Danish-led alliance for phasing out oil and gas adds new members at COP28

Published 05-12-2023

At the UN Climate Conference COP28, Kenya, Spain, and Samoa have joined the Beyond Oil and Gas Alliance (BOGA), which works for a just phase-out of global oil and gas production. At COP28, BOGA is working to garner political support for an agreement to phase out all fossil fuels as part of the outcome of the negotiations.

We will not achieve the goals of the Paris Agreement without phasing out oil and gas. Science confirms this time and again. Therefore, it is an important step in the right direction that Kenya, Spain and Samoa now join BOGA, thus expanding the group of countries committed to working for a fossil-free future,” says the Minister for Development Cooperation and Global Climate Policy, Dan Jørgensen, who welcomed the new members at a press conference at COP28.

The strengthening of BOGA also plays a role for the negotiations here at COP28, since BOGA is a strong actor in the fight to include the phasing out of all fossil fuels in the final text. We saw this last year at COP27, where BOGA was one of the driving forces behind securing support for fossil fuel phase-out from around 80 countries – including major oil producing countries like the U.S., Australia, and Norway,” he says.

With the new members, BOGA now includes a total of 24 countries and subnational governments.

Kenya is a role model for other countries with its ambitious commitment to renewable energy, including Africa’s largest wind farm. However, the country also depends on imported oil and is developing its own oil reserves. Kenya’s membership of BOGA is an important step in ensuring the transition to an energy system based on renewable energy sources.

Kenya is pleased to join this action-oriented Alliance which aligns with our green development strategy and ambition to pursue a development pathway that prioritizes our planet and heritage of future generations of Kenyans. We welcome the opportunity to work collaboratively with like-minded partner governments to tap into our immense renewable energy resources to drive green industrialization to sustainably transform our economies and the lives of our people,” say Special Envoy for Climate Change, Ali Mohamed.

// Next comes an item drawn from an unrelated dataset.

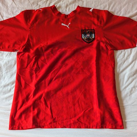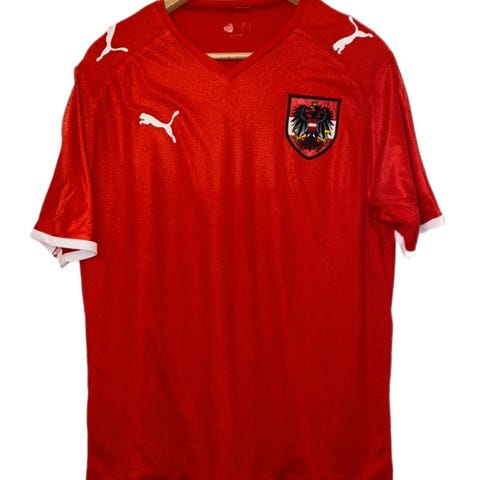 Super fed hjemmebanetrøje fra Østrigs fodboldlandshold i klassisk rød farve fra 2008 - 2009.

Spain has become a core member of BOGA by committing to end new licensing and bidding rounds for oil and gas production and exploration. Additionally, Spain has set a target of ending its oil and gas production before 2042, a significant step towards becoming carbon-neutral by 2050 and ensuring a transition away from oil and gas production.

We have agreed to triple renewable energy capacity by 2030 and double energy efficiency efforts. None of this will be worthwhile if we do not tackle gradually phasing out fossil fuels. Spain has shown that it is technically, socially and economically feasible to do this with coal fired power plants, we need to tackle the next steps, gas and oil,” says Vice-President of Spain and Minister for the Ecological Transition.

As a small island state, Samoa is especially vulnerable towards climate change and the government has been very vocal in advocating for other countries to phase out fossil fuels.

In 2019, Samoa, as part of the Pacific Islands Forum, committed to achieving net-zero greenhouse gas emissions by 2050 and calls for a just transition from fossil fuels.

"Samoa has joined the Beyond Oil and Gas Alliance because for our country the phase out of fossil fuels is existential. We want to lead in an alliance of like-minded countries at this COP and beyond to ensure that phase out becomes a reality. It is only by speaking up together against those with vested interest in the status quo will we get the outcome we need here in Dubai,” says Toeolesulusulu Cedric Schuster, Minister of Natural Resources, Environment and Land for Samoa

With new members from different parts of the world, BOGA shows that the desire for a sustainable future without dependence on fossil fuels is a global movement that cuts across cultural, geographical, and economic differences. A fossil-free future benefits everyone,” says Dan Jørgensen.

Denmark is one of the two co-chairs of BOGA. At today’s press conference, it was also announced that Quebec will take over the role of co-chair from Costa Rica, and that Kenya and Colombia will be the first recipients of support from the BOGA fund. The fund offers technical assistance to developing countries that produce oil and gas. With this assistance, countries get help in preparing technical analyses and plans for phasing out oil and gas production in a just and inclusive manner.